That’s alright, but is it enough? We don't really get a bigger picture of our org here.

Some of the problems that really need solving are best known before they happen.

Imagine if we had a business critical batch process. What if the job drops off after a deployment? Would you have to wait until someone from the business calls the tech team’s manager to tell them that something’s not right?

On the other hand, even receiving email notifications at 2AM may be lost unless they can trigger your company’s Incident notification system.

What we need is a better monitoring system. Something that can track and alert us when our business processes fail, or better — before they are going to fail.
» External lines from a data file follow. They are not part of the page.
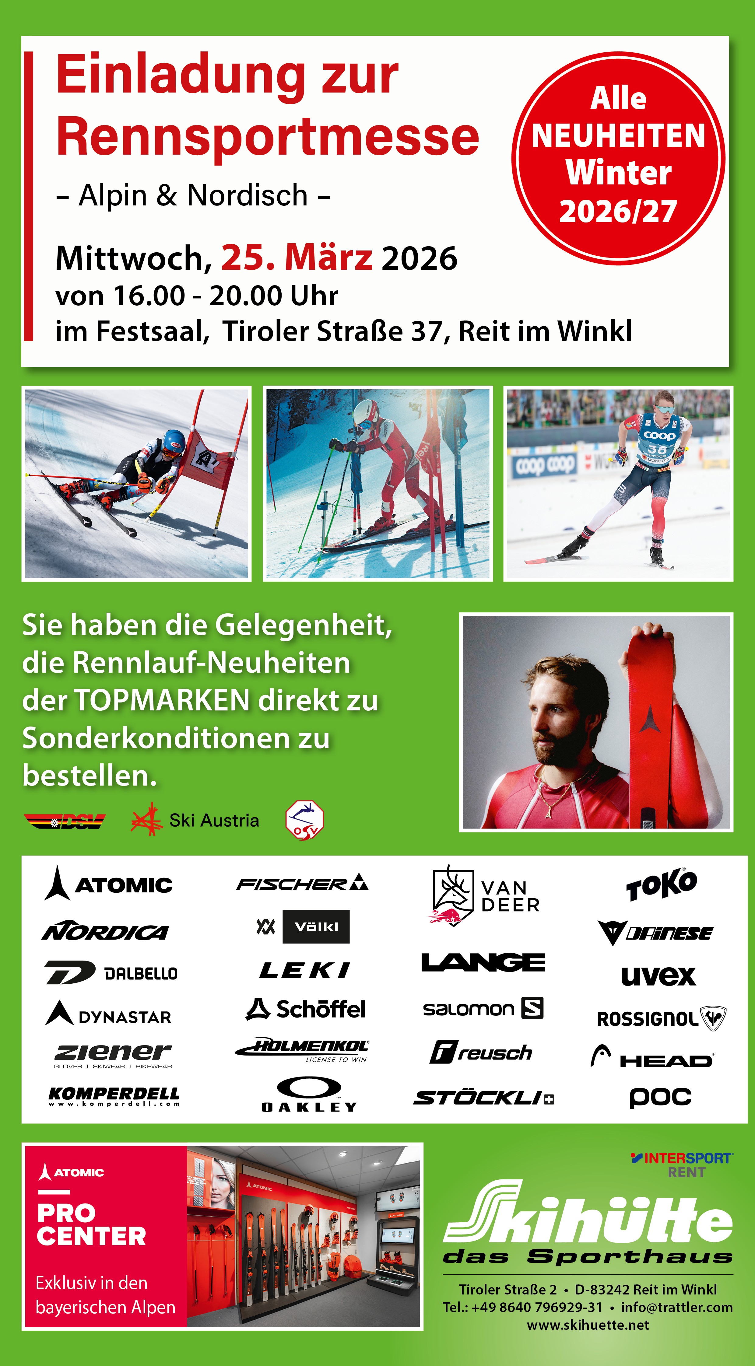 Unsere grossE RENNSPORTMESSE ALPIN UND NORDISCH findet 2026 AM 25. MÄRZ iM FESTSAAL von REIT IM WINKL statt !
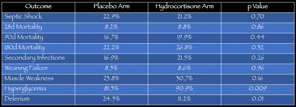 Key Results: There were 9,953 patients with severe sepsis or septic shock screened for inclusion. A total of 380 were randomized to receive hydrocortisone (n=190) or placebo (n=190). The mean age was 65 years with 65% being male. See table below for details on the primary outcome, secondary outcomes and adverse events.
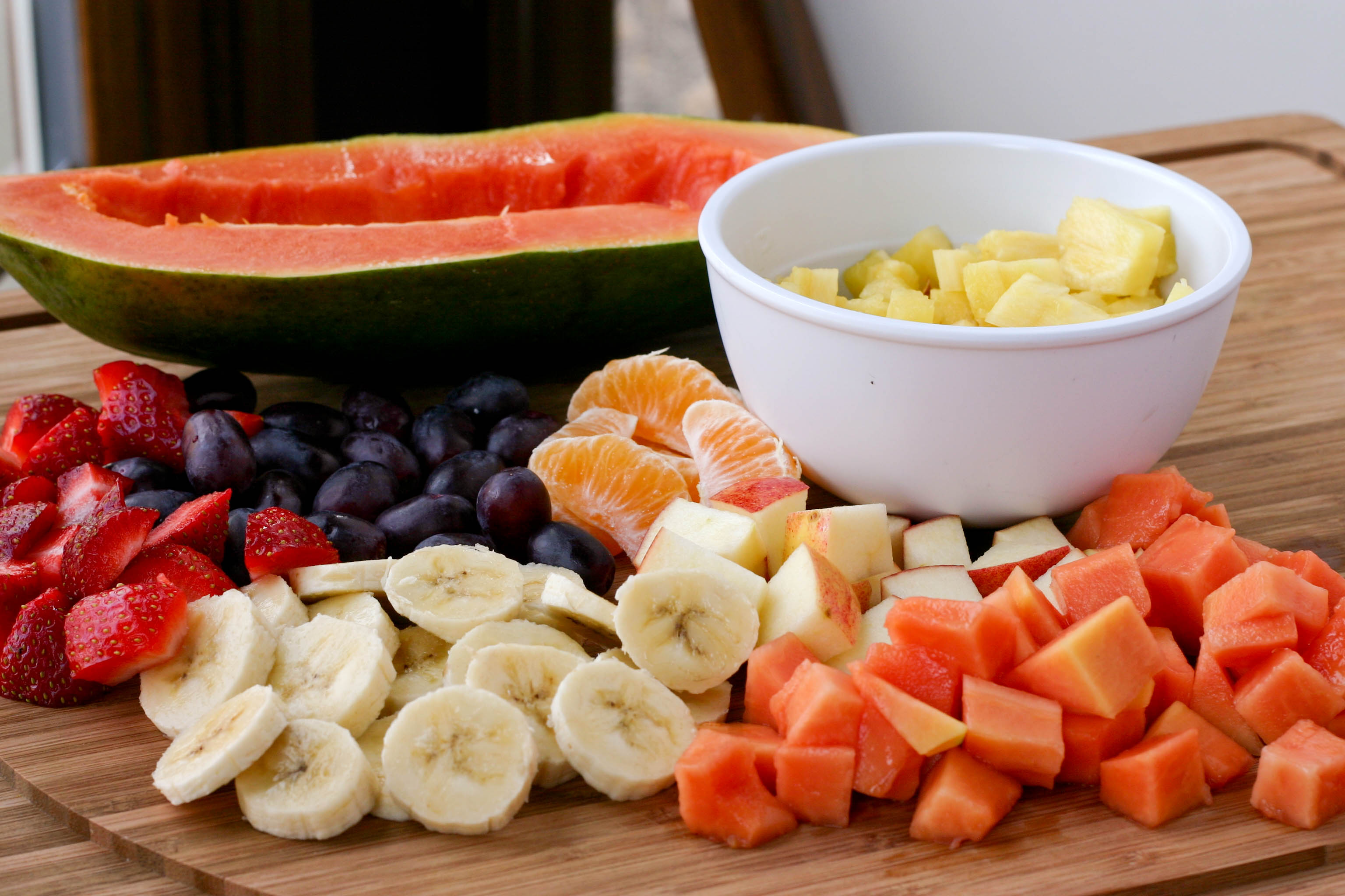 We then chopped all the fruit, setting aside one half of the papaya for an alternate use.
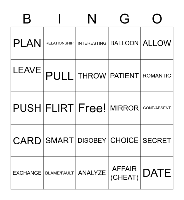 This bingo card has a free space and 74 words: SWEETHEART, UPSET, INTERESTING, DREAM, TRADE, REPLACE, GIFT, ROSE, EXCHANGE, SANDWICH, CHIPS, THROW-AWAY, THROW, LEAVE, GO-OUT, FLIRT, REFUSE, ROMANTIC, COMPARE, PUSH, PULL, RELATIONSHIP, BALLOON, FALL-IN-LOVE, DATE, RESPECT, PREFER, FREE, PRISON, THERAPY, ALLOW, PERMISSION, STRICT, STEAL, CHEAT(TEST), AFFAIR (CHEAT), HOPE, LECTURE, SAFE, RESPONSIBLE, ANALYZE, BLAME/FAULT, MAYBE, THEIF, CONFLICT, PLAN, ORGANIZE, SMART, APPEAR, DISAPPEAR, ALRIGHT, STUCK, GONE/ABSENT, OPINION, REQUIRE, OBEY, DISOBEY, HIDE, SUFFER, SECRET, PATIENT, SHY, CARD, FACETIME, MIRROR, IMPORTANT, ANSWER, STORY, CHOICE, ENCOURAGE, CAUGHT, JANITOR, GIVE-UP and OPPORTUNITY.
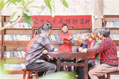 近日,婺城区莘畈乡祝村第一书记朱旭雷和宣讲队成员深入山区村社,和群众面对面,心连心,以拉家常、送关心等通俗易懂的语言,向山区党员干部及村民传达学习贯彻党的二十大精神,分享学习党的二十大精神心得体会。记者?田双双?摄
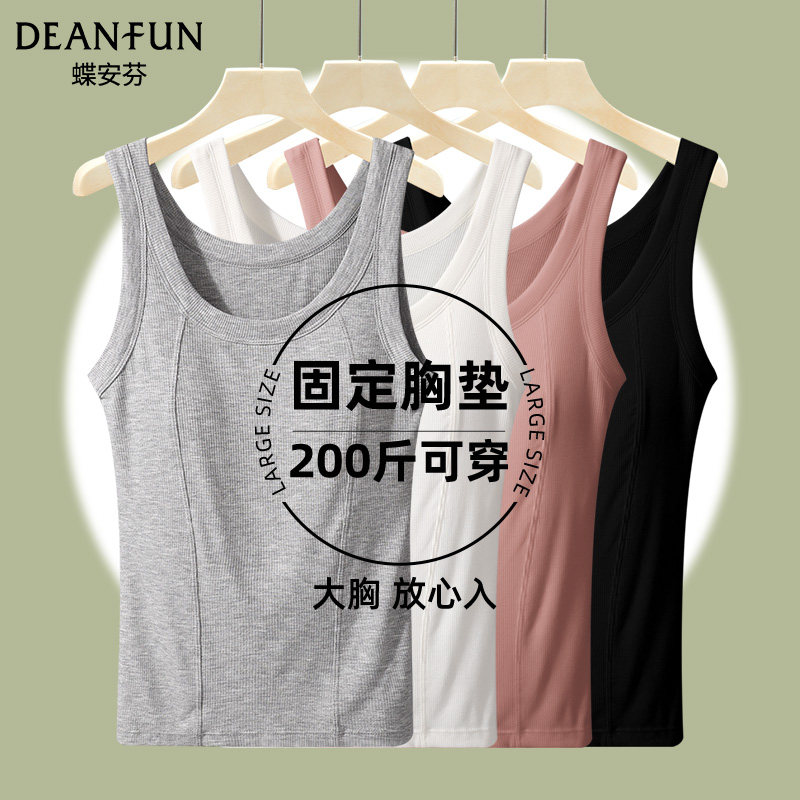 蝶安芬加肥加大码吊带背心女夏外穿带胸垫胖mm200斤打底无袖上衣
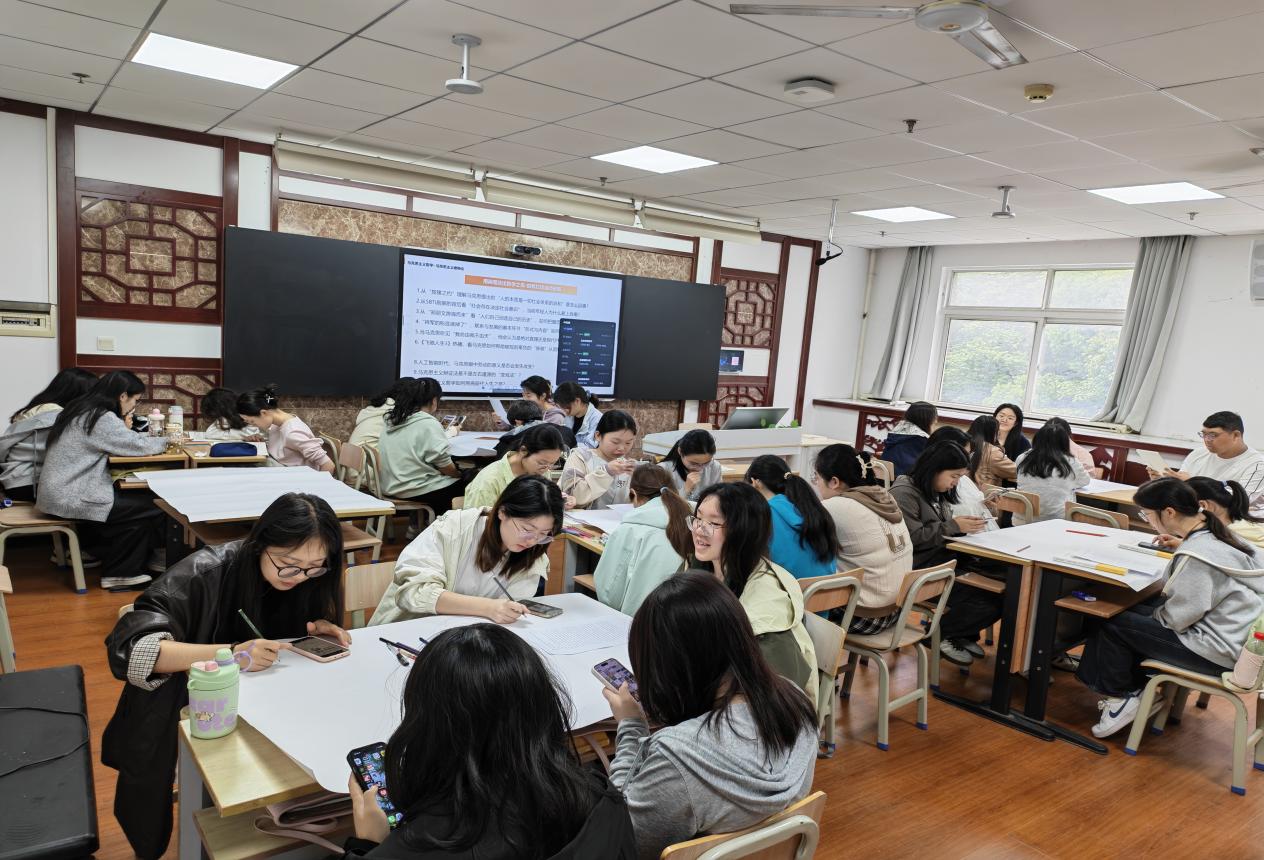 “如果马克思身处2026年的数字洪流,他会如何阐释‘异化’理论、‘对象性’活动呢?”4月17日,在tyc122cc太阳成集团的“思政智慧空间”教室里,一场跨越时空的“人机对话”正在激烈上演。这并非科幻电影的桥段,而是tyc122cc太阳成集团专业核心课程《马克思主义哲学》AI智慧课堂的日常一幕。当深奥的哲学原理撞上尖端的人工智能,这门传统的“硬课”不仅富有理论深度,而且变得有滋有味,更在校园里掀起了一股“思政热”,散发出马克思主义哲学理论教学的时代温度。
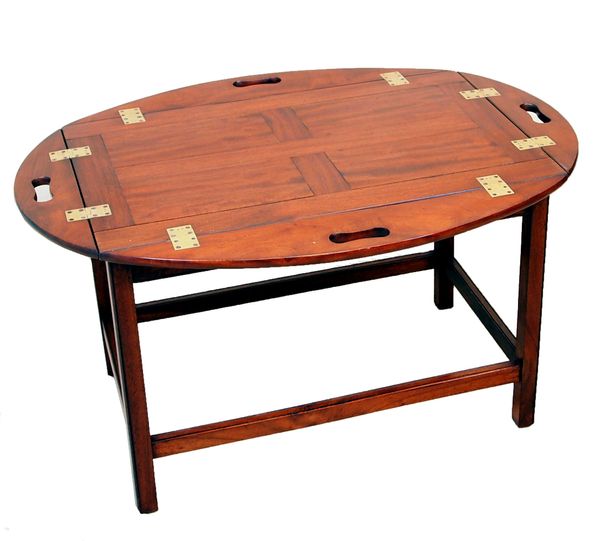 Antique Georgian Mahogany Oval Butlers Tray On Stand
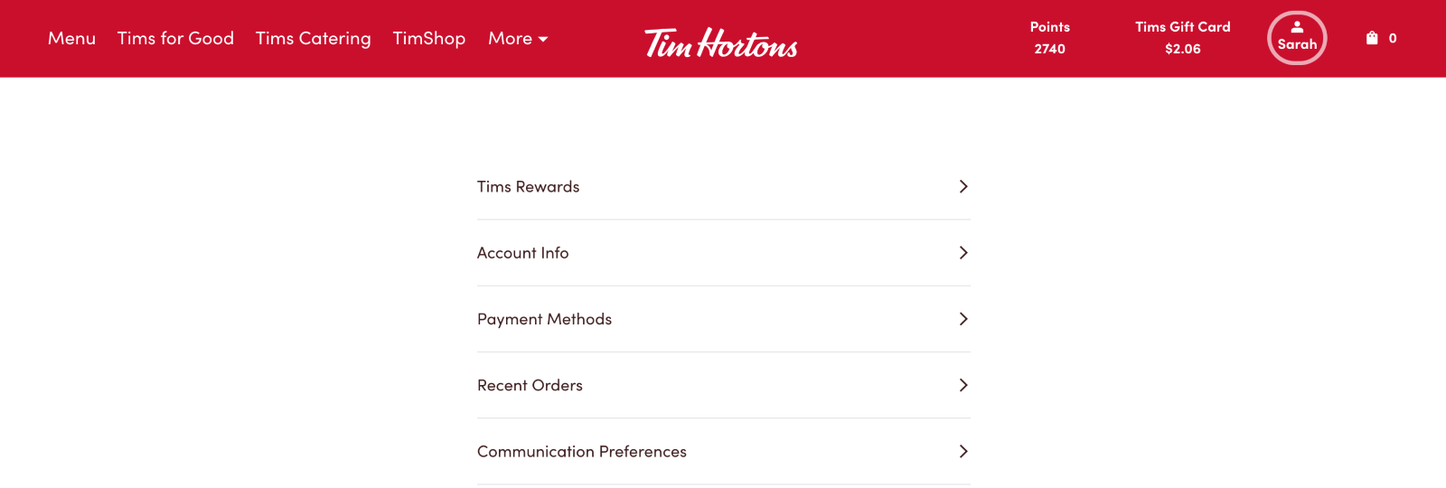 1. Visit timhortons.ca and sign in your account.
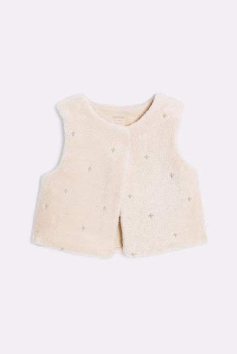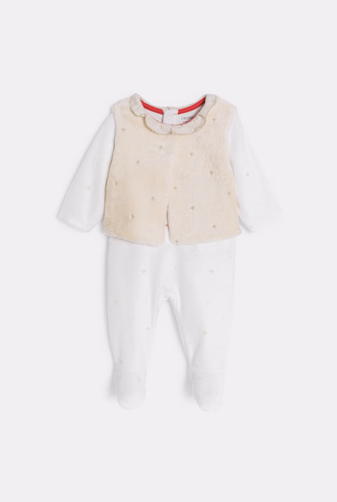 Weißer Strampler aus Samt und beige Weste für kleine Mädchen
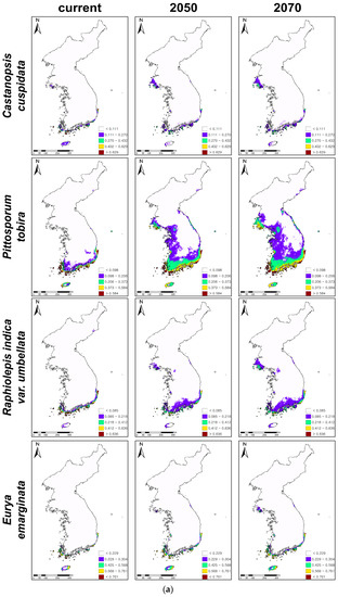 The predictions suggested that the climatically suitable habitats of C. cuspidata, P. tobira, R. indica var. umbellata, and E. emarginata would generally expand to the north along with the west coastal areas (Figure 2a,b). In particular, P. tobira and R. indica var. umbellata would expand from the coastal to the inland areas and from the south to the north along with the east coastal areas, as well as the west coast. On the other hand, even though C. cuspidata, R. indica var. umbellate, and E. emarginata showed potential expansions of suitable habitats under climate change, the highly suitable habitats (red-colored areas on the maps, Figure 2a) of three evergreens all declined, so there are no red colored habitats in the southwestern islands and coastal areas.
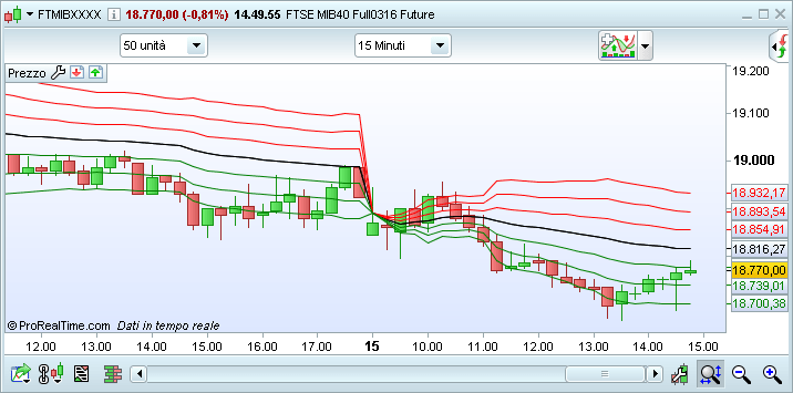VWAP e VWAP bande – Il VWAP mostra il prezzo medio ponderato del volume tradato sul volume totale per un periodo di tempo. Le bande VWAP sono calcolate applicando uno “Scarto Tipo” (simile alle bande di Bollinger).
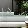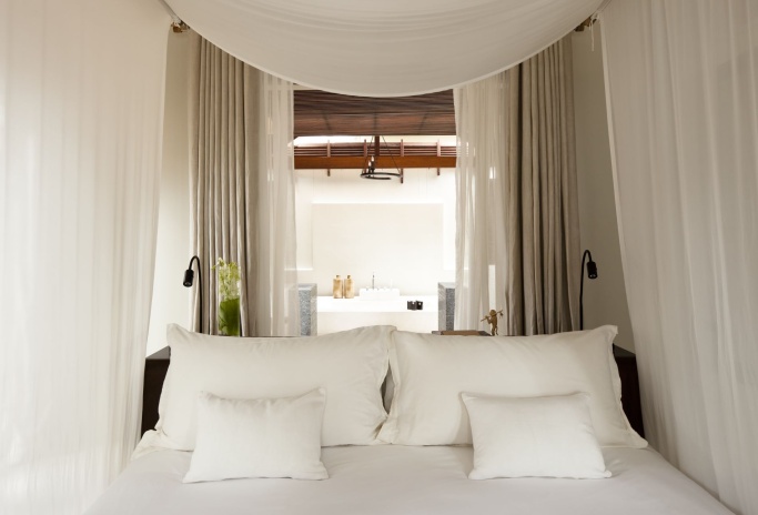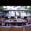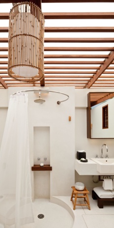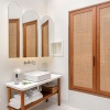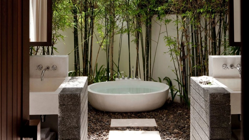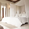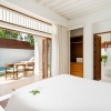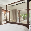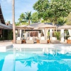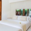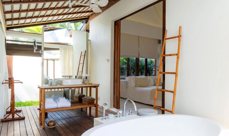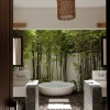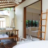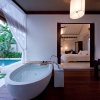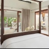 Вилла с 2-мя спальнями в отдельных павильонах: спальни (28 м² каждая) с двуспальными кроватями и собственными ванными комнатами (23 м² каждая) с душем и ванной на свежем воздухе, между спальнями – гостиная (24 м²) с кухонной зоной и выходом на патио: обеденная зона на 6 персон, бассейн (32 м²), терраса для загара с шезлонгами, 2 беседки с кушетками, частный сад; вид на сад; план номера;

Properties of a good monitoring system

Let's try to understand what a good monitoring system should do. It should:

🔶
Store data
These are also called metrics in monitoring terminology.
🔶
Graphs
Provide a graphical representation of the metrics over time. We, humans, are far better at spotting trends visually than looking at rows of data.
🔶
Alerts
When things go wrong. Ideally, we should be able to define a set of rules to determine what is a failure and what to do in such a failure (send email, slack alert, etc.)

Using Salesforce as a monitoring system

Now, let’s see if we can use Salesforce.com itself as our monitoring system.

✅
Store data
The big advantage is that all the data/metrics are already within Salesforce.
🔶
Graphs
Whilst Salesforce offers us reports and dashboards, these are very basic and slow. The ability to embed one graph over the other, or have tags with release versions on them is not supported and we’d have to resort to building it all ourselves using external leaflet.js libraries.
❌
Alerts
There is no out of the box alerting feature that supports what we want. Whilst we can build some ourselves, it’ll be really complicated to write alerts like “Alert us on Slack when there is no Account created in the last 30 mins during business hours”. We can maybe look at periodic 30 min intervals, but rolling 30 mins — nah, we’d have to build a complex system.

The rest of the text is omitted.